AI can anticipate new attack vectors before they're widely deployed by analyzing global threat data, emerging attack patterns, and industry-specific risks.

These predictive capabilities allow organizations to proactively strengthen defenses against threats that haven't yet reached their inboxes. Machine learning models identify trending tactics across the threat landscape, allowing security teams to stay one step ahead of attackers rather than constantly playing catch-up.

Research has shown that different machine learning algorithms excel at different aspects of threat detection. The study "Machine Learning Approach for Email Phishing Detection" found that Support Vector Machine (SVM) models achieved the highest overall accuracy at 97.6%, while XGBoost algorithms reached 96.6% accuracy, and Random Forest models achieved 95% accuracy. By combining multiple algorithms in ensemble approaches, organizations can leverage the strengths of each model to create even more predictive systems.

 

Human-AI collaboration

One insight from recent research is that the future of email security isn't about replacing humans with AI, it's about collaboration between the two. The research paper "Phishing Email Detection Using Inputs From Artificial Intelligence" found that collaborative approaches between machine learning models and humans could be more accurate than separate identification, while also lowering human cognitive load when searching for phishing emails.

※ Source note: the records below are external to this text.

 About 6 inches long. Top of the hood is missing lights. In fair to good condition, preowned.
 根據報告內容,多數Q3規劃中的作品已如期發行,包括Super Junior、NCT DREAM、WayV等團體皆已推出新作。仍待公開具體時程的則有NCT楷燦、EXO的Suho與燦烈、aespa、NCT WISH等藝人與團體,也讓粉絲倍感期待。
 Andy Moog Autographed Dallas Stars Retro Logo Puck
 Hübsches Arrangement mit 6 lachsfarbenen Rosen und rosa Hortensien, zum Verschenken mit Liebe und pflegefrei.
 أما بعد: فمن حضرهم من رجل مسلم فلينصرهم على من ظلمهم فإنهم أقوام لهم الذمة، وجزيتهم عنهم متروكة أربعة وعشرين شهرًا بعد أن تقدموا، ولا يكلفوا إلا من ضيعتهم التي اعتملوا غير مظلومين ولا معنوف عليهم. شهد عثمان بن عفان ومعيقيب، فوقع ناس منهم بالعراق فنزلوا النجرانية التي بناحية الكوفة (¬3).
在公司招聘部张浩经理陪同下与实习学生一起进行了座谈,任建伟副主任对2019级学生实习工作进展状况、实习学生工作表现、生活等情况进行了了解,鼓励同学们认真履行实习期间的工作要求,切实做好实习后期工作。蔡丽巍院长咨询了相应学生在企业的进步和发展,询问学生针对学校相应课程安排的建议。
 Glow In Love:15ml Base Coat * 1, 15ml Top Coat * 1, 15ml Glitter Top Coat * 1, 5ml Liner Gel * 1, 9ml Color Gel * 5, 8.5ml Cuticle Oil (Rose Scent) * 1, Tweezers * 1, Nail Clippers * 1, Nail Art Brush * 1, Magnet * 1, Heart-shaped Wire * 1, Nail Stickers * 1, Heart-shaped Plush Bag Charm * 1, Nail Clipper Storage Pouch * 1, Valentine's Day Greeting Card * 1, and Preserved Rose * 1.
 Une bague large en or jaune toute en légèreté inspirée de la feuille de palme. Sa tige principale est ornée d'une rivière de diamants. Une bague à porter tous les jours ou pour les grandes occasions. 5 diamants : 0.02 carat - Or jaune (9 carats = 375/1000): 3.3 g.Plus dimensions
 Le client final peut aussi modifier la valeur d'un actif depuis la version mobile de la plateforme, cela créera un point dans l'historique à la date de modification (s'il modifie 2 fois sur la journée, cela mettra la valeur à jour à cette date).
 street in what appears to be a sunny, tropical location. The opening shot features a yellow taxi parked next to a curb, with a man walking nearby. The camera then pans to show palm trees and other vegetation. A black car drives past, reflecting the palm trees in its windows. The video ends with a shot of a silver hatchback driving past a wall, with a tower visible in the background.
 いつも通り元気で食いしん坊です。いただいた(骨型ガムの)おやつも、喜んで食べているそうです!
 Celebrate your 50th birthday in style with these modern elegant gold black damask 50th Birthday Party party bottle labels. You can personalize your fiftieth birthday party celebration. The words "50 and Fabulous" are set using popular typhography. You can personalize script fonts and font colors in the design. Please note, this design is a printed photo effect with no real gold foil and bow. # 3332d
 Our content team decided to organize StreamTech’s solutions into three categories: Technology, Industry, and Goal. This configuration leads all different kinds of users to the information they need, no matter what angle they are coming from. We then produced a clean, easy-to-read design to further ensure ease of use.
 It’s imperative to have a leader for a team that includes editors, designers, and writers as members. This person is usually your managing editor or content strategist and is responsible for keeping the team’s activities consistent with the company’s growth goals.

This hybrid approach allows AI to handle the indicators it excels at detecting automatically, while flagging ambiguous cases for human review. By focusing human attention only on the threats that require contextual judgment, organizations can achieve both higher accuracy and greater efficiency.

The need for this balanced approach is supported by findings from the Paubox report showing that while 94% of leaders feel confident they could detect improper AI use before a security violation occurs, only 16% of organizations have trained most of their staff on AI usage protocols. 

As Royal Hansen, VP of Privacy, Safety & Security Engineering at Google Cloud, notes in the Paubox report, "Traditional security philosophies, such as validating and sanitizing both input and output to the models, can still apply in the AI space." 

 

Taking action

As the NCSC's assessment makes clear, AI represents both the challenge and the solution in modern email security. While attackers leverage AI to make their phishing attempts more convincing, organizations that deploy AI-powered defenses gain an advantage in this arms race.

However, adoption must be thoughtful and secure. The Paubox report reveals that only 42% of organizations have signed Business Associate Agreements covering AI assistants used in email, and 84% have not trained most of their staff who have access to sensitive information on AI usage. 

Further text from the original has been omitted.